To understand e-readers, you have to understand that you’re really dealing with a lightweight web browser. Ebooks are in fact a variation of web pages with HTML at their core. That’s really all they are. The cleaner the HTML you put into the ebook, the more predictable it will appear across various e-reader devices.
In the past, I’ve played around with a number of ways to ensure I convert word to clean HTML. I’ve used regular expression, tried to manually clean out all the excess code that Word adds. I even created my own program that attempted to return a clean HTML file. There are sites that claim to clean your HTML but the results have been disappointing and I’m a bit wary about uploading my book content to websites – call me paranoid.

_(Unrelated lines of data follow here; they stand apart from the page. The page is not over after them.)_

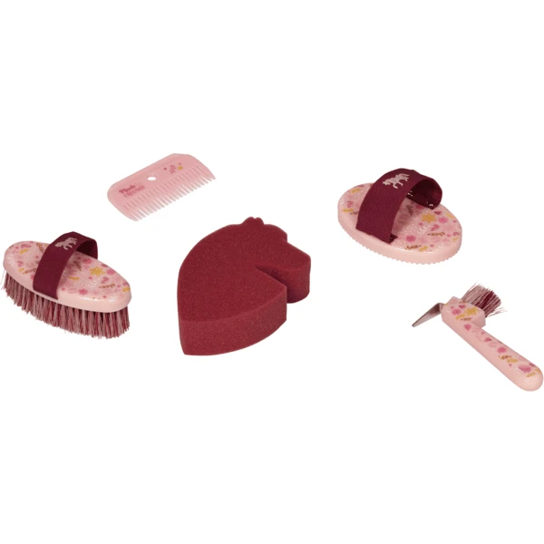 Wunderschönes, fünfteiliges Pferdeputzzeug in praktischer Aufbewahrungsbox. Enthalten sind ein
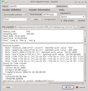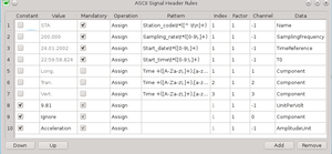 The above figure shows the rules defined for format GeoSIG. Values for Component data are handled in a particular way. The value, either constant or captured from the pattern, is translated to a standard component thanks to a look-up table descrided in the next section. This table can be also used to ignore some columns or to specify a Time column. The latter is for formats that do not provide explicit information about the starting time in the header, instead they provide one time stamp per sample.
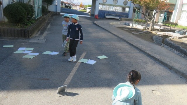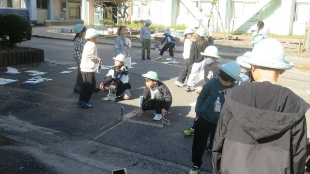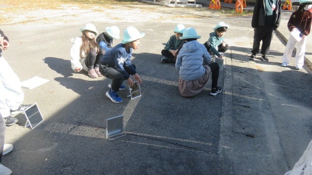 理科は、鏡で跳ね返した日光の光の進み方について、光を地面にはわせたり、はね返した日光をつないだりして調べました。
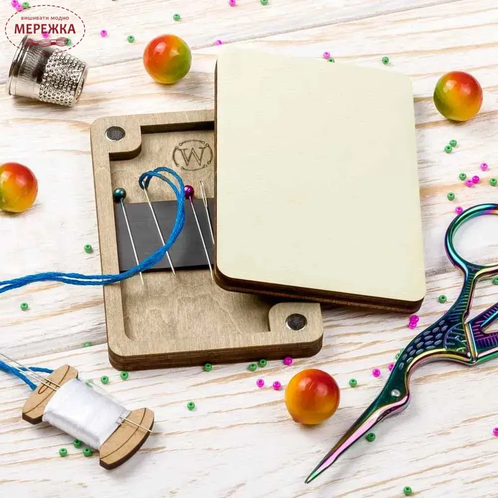 В комплекті вмонтована на дні виробу магнітна стрічка, яка надійно фіксуватиме голки, булавки, шпильки. Скринька закривається кришкою з фанери за допомогою міцних магнитів, тож надійне зберігання голок забезпечене. Чарівний дизайн скриньки теж вартий вашої уваги.
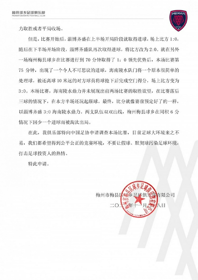 日前,中冠梅县球乡俱乐部向中国足协发函,请求调查中冠联赛总决赛海南陵水鼎力对阵淄博齐盛比赛中的异常情况。
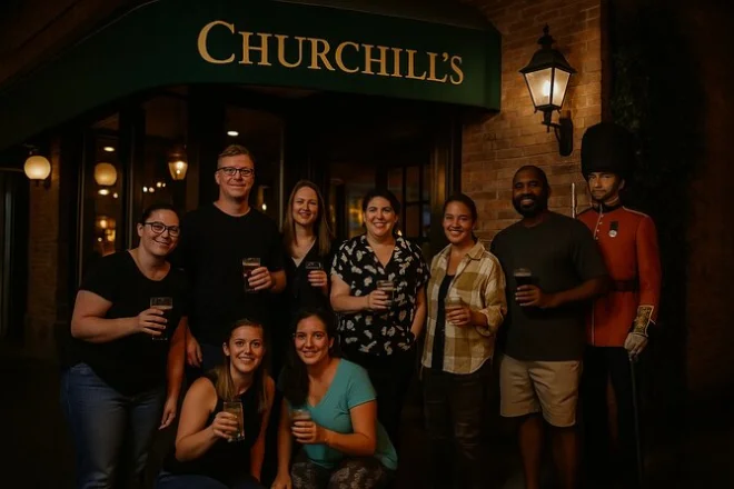 Li mi aspettava già vicino alla Statua dei Kings Guard quando sono arrivato, armeggiando con la torcia e sorridendo come se sapesse qualcosa che io ignoravo. Mi ha chiesto se eravamo pronti per “un po’ di coraggio liquido” — insomma, come si fa a dire di no? Il Churchill’s Pub aveva quel tipico odore di legno antico, mescolato a qualcosa di più pungente — forse un detergente o solo nervosismo. Il barista ci ha servito i primi drink (il mio troppo dolce, ma chi se ne importa), e Li ha iniziato a raccontare la prima storia ancora prima che uscissimo dal locale. Diceva che alcuni non se ne vanno mai davvero dal Churchill’s. Ho riso, ma poi il tintinnio di un bicchiere dietro di me ha fatto calare un brivido improvviso.
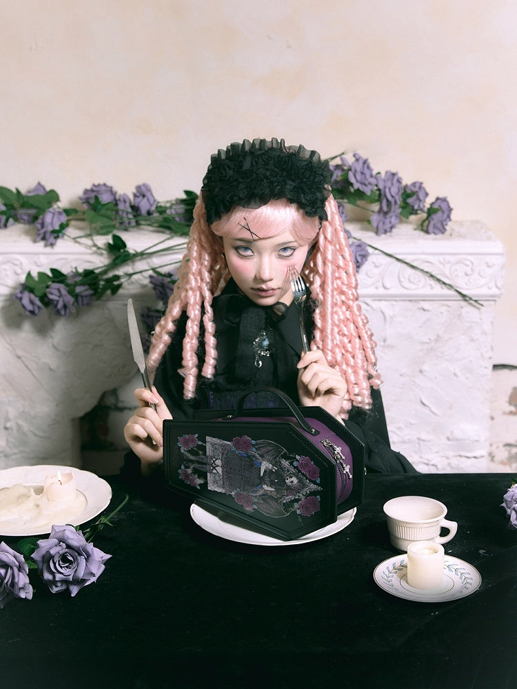 Step into the mysterious allure of gothic fashion with our uniquely designed Coffin-Shaped Bag. This eye-catching accessory features a distinct coffin silhouette, adding an intriguing edge to your ensemble. The bag is equipped with a cross-shaped zipper closure, combining functionality with a touch of spiritual symbolism. Adorning the exterior is a beautiful array of rose and artistic prints, enhancing its dark romantic aesthetic.Practicality meets style with the inclusion of a convenient side handle for easy carrying. Additionally, the bag comes with two adjustable straps, offering versatile carrying options. Whether you prefer a single shoulder sling or a traditional backpack style, this bag adapts to your preference effortlessly.Please note, the price includes one bag and two adjustable straps, giving you the ultimate flexibility in accessorizing your gothic or lolita-inspired outfits.
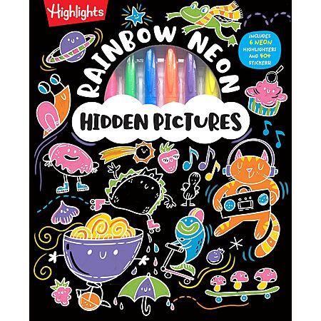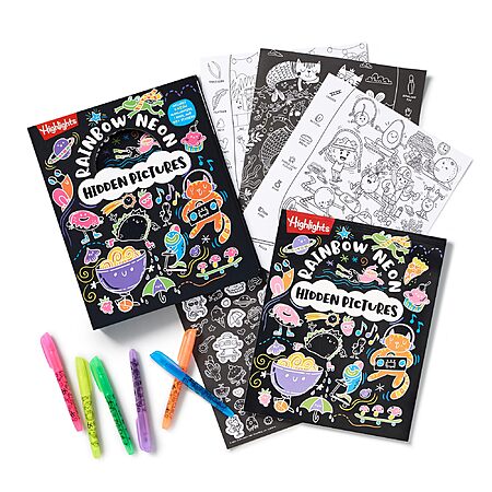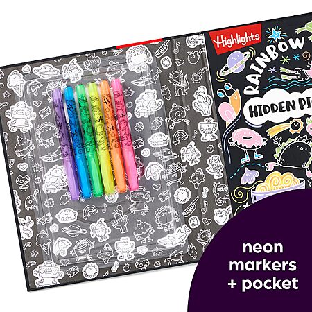 Highlights Hidden Pictures Coloring Kits - Rainbow Activity Book with Neon Markers 40 Stickers (Hardcover) for
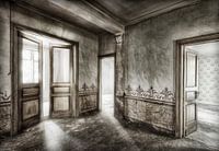 Verlaten, vervallen huis met open staande deuren en invallend licht
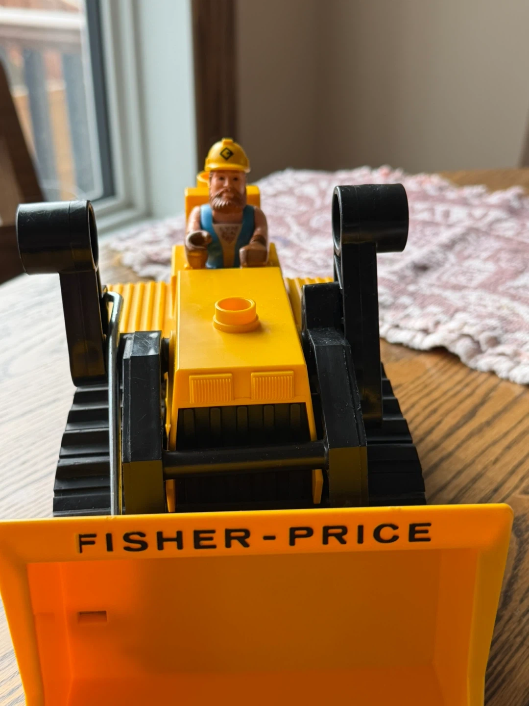 This is a vintage 1980’s Fisher-Price Big Loader construction toy. It features a working bucket and a figure driver. Made of durable plastic for lots of play time!

Word to Clean HTML: Getting the Foundation Right
Then I downloaded a 30-day trial version of DocToHTML. Not only did this little program do all I wanted but performed other tasks I never thought possible.Once you install the program and open Word, it appears as a ribbon on the Word toolbar. From here, I can make all the settings I want. I can control how each style is saved, how images are handled, how I want various fonts to be converted, if I want each chapter to be broken into their own files, and the removal of empty spaces (very handy and perfect for ebooks).
The outputted HTML was as clean as I could ever expect. The smaller this file, the smaller the final ebook and the less cost you incur from Amazon.
Once the book part was done, I could then change the settings for web publication and upload sections to my blog. Sweet.
In short, this tool is the answer to my word conversion problems. I’ll be using it to produce clean HTML for all my future books.
DoctoHTML is available on a 30-day trial and the license only costs $39.